Under the auspices of the Computational Complexity Foundation (CCF)
We consider Reed-Solomon (RS) codes whose evaluation points belong to a subfield, and give a linear-algebraic list decoding algorithm that can correct a fraction of errors approaching the code distance, while pinning down the candidate messages to a well-structured affine space of dimension a constant factor smaller than the code dimension.
By pre-coding the message polynomials into a subspace-evasive set, we get a Monte Carlo construction of a subcode of Reed-Solomon codes that can be list decoded from a fraction $(1-R-\epsilon)$ of errors in polynomial time (for any fixed $\epsilon > 0$) with a list size of $O(1/\epsilon)$. Our methods extend to algebraic-geometric (AG) codes, leading to a similar claim over constant-sized alphabets. This matches parameters of recent results based on folded variants of RS and AG codes, but our construction here gives subcodes of Reed-Solomon and AG codes themselves (albeit with restrictions on the evaluation points).
Further, the underlying algebraic idea also extends nicely to Gabidulin's construction of rank-metric codes based on linearized polynomials. This gives the first construction of positive rate rank-metric codes list decodable beyond half the distance, and in fact gives codes of rate $R$ list decodable up to the optimal $(1-R-\epsilon)$ fraction of rank errors. A similar claim holds for the closely related subspace codes studied by Koetter and Kschischang.
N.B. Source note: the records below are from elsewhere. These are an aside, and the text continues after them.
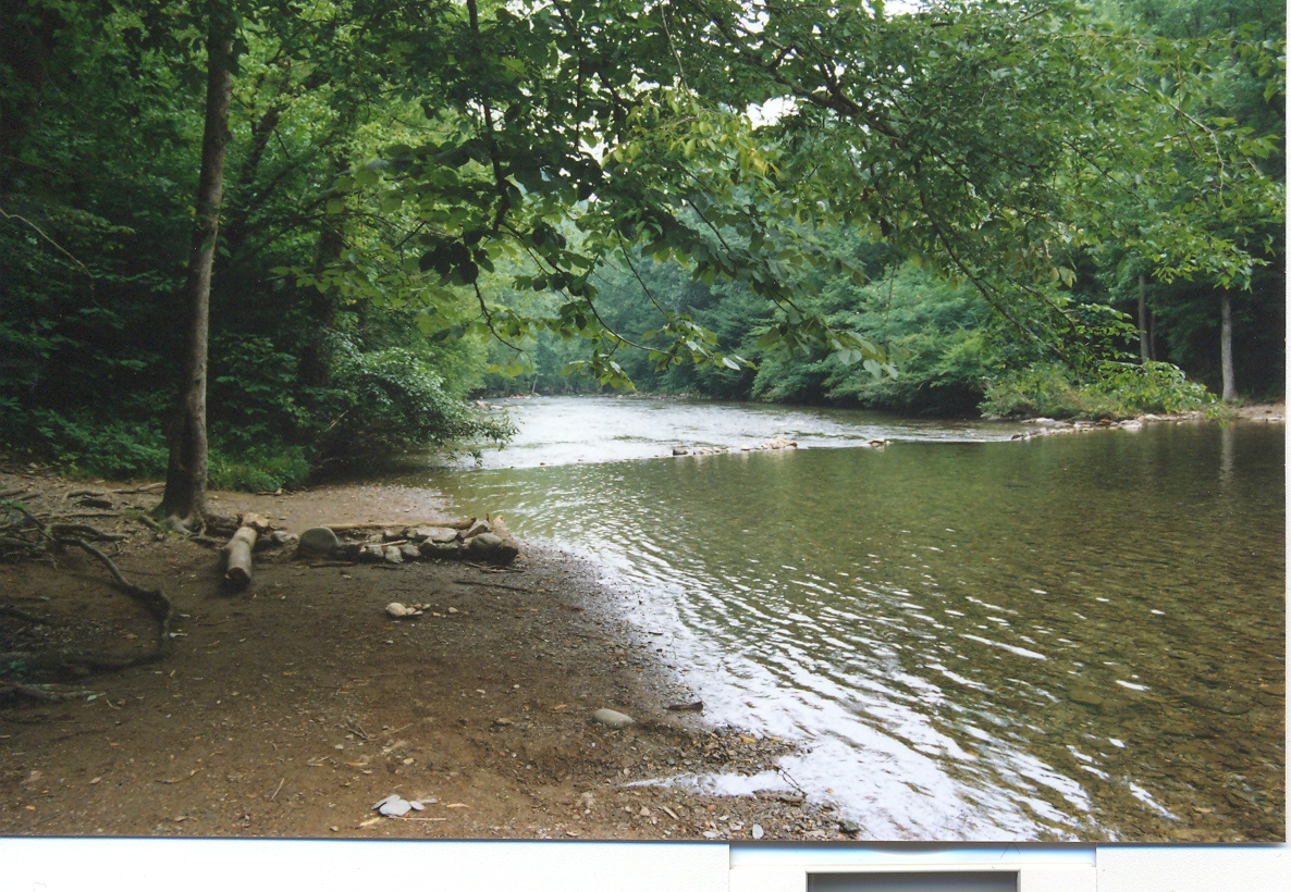 Little River near the Townsend entrance to Great Smoky Mountains National Park.
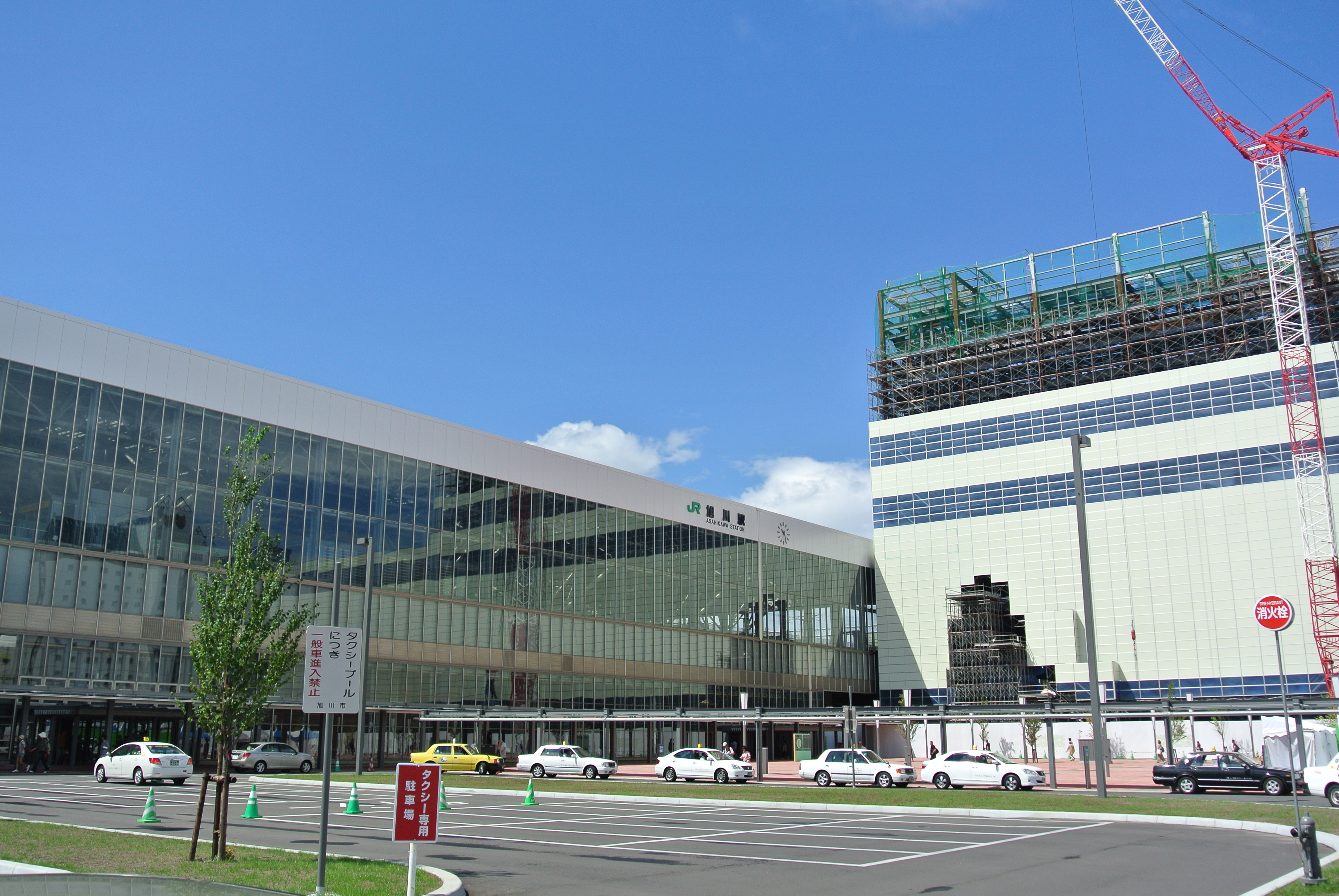 Asahikawa Station Nikon 1 J2
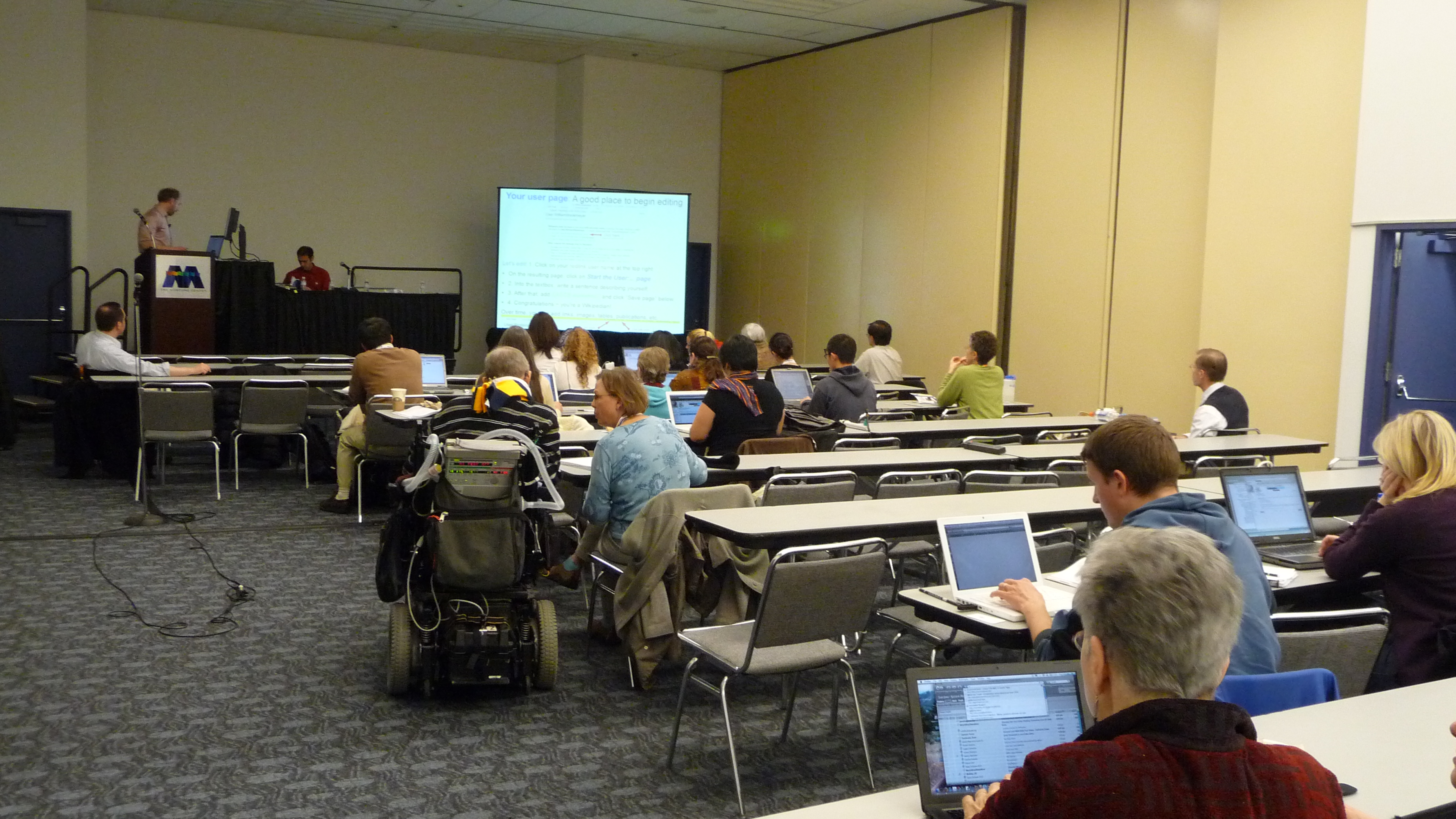 Photograph taken at Wikipedia Workshop at December 2008 ASCB Conference in San Francisco, led by Bill Wedemeyer and Tim Vickers
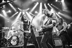 Photo of Baroness performing at Commodore Ballroom in Vancouver, Canada.
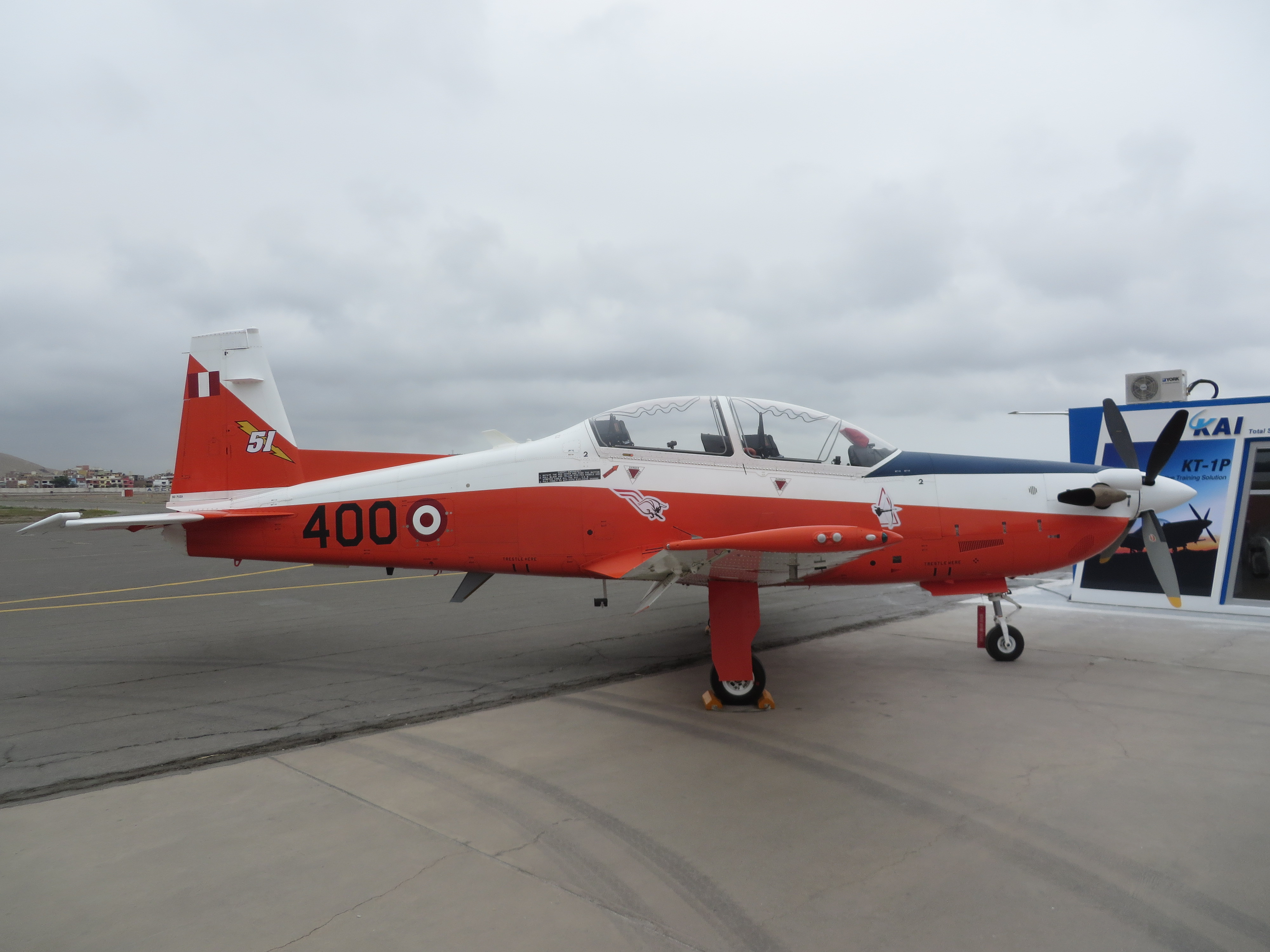 KAI KT-1P Woongbi (FAP-400), Peruvian Air Force
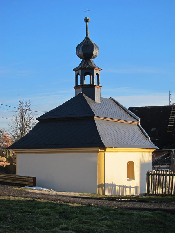 St. Florian chapel with baroque gables, turrets and a hipped roof in the village Lazany, Czech
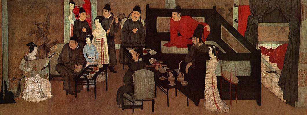 Section of the Chinese painting Night Revels of Han Xizai showing a pipa player and her audience. Handscroll, ink and colors on silk, 28.7 x 335.5 cm. Original by Gu Hongzhong (10th century), 12th century remake from the Song Dynasty. Collection of the Palace Museum in Beijing.
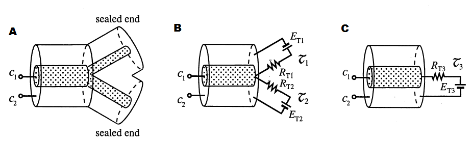 Adapted from the paper "A simple analytical method for determining the steady-state potential in models of geometrically complex neurons" by Arthur Vermeulen and Jean-Pierre Rospars
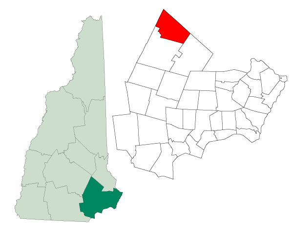 Map of a municipality in Rockingham County, New Hampshire
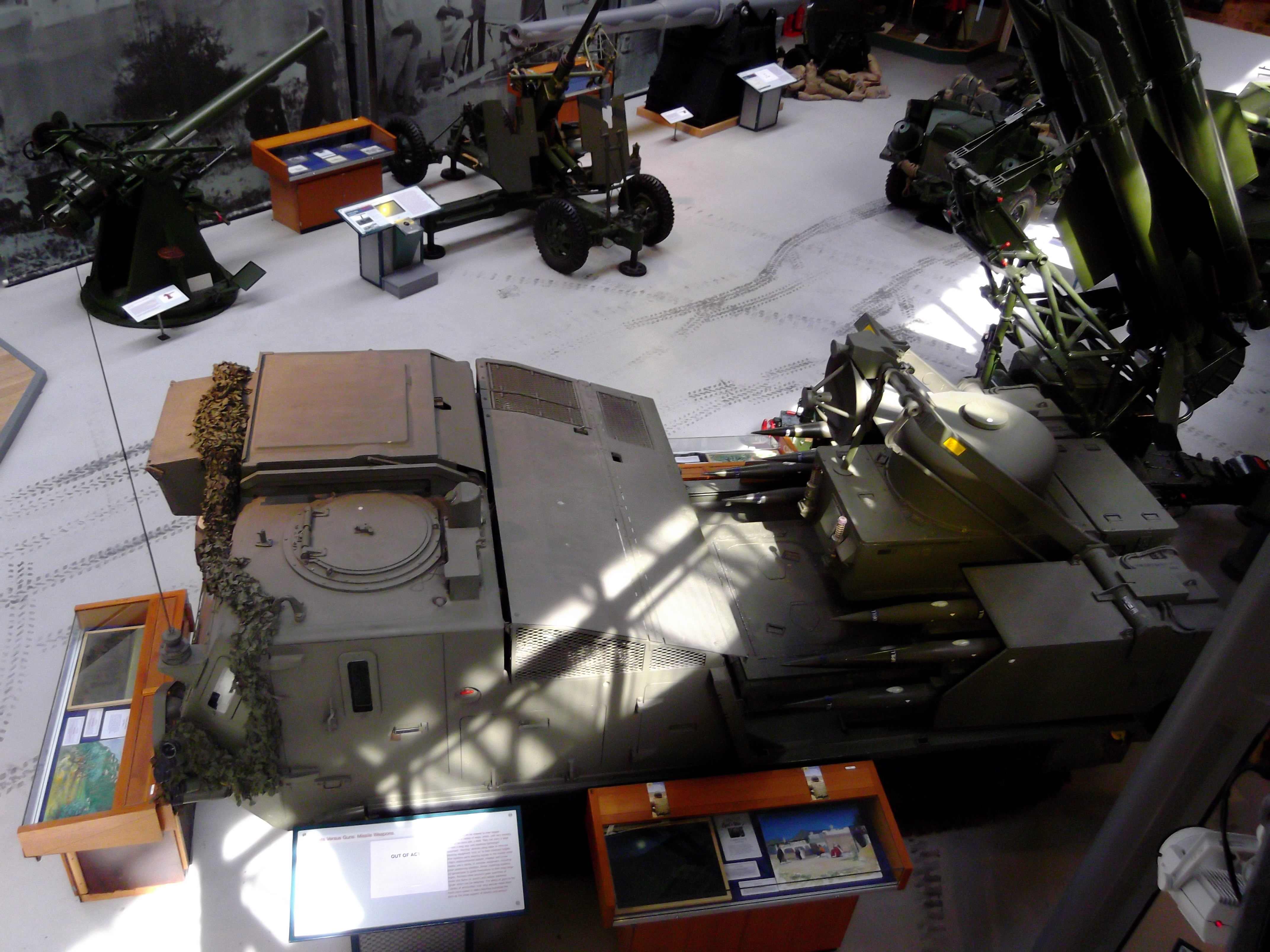 Royal Artillery Museum Woolwich London 241

We introduce a new notion called "subspace designs" as another way to pre-code messages and prune the subspace of candidate solutions. Using these, we also get a *deterministic* construction of a polynomial time list decodable subcode of RS codes. By using a cascade of several subspace designs, we extend our approach to AG codes, which gives the first deterministic construction of an algebraic code family of rate $R$ with efficient list decoding from $1-R-\epsilon$ fraction of errors over an alphabet of constant size (that depends only on $\epsilon$). The list size bound is almost a constant (governed by $\log^*$ (block length)), and the code can be constructed in quasi-polynomial time. Finding more efficient constructions of subspace designs is an interesting problem in pseudorandomness arising out of our work.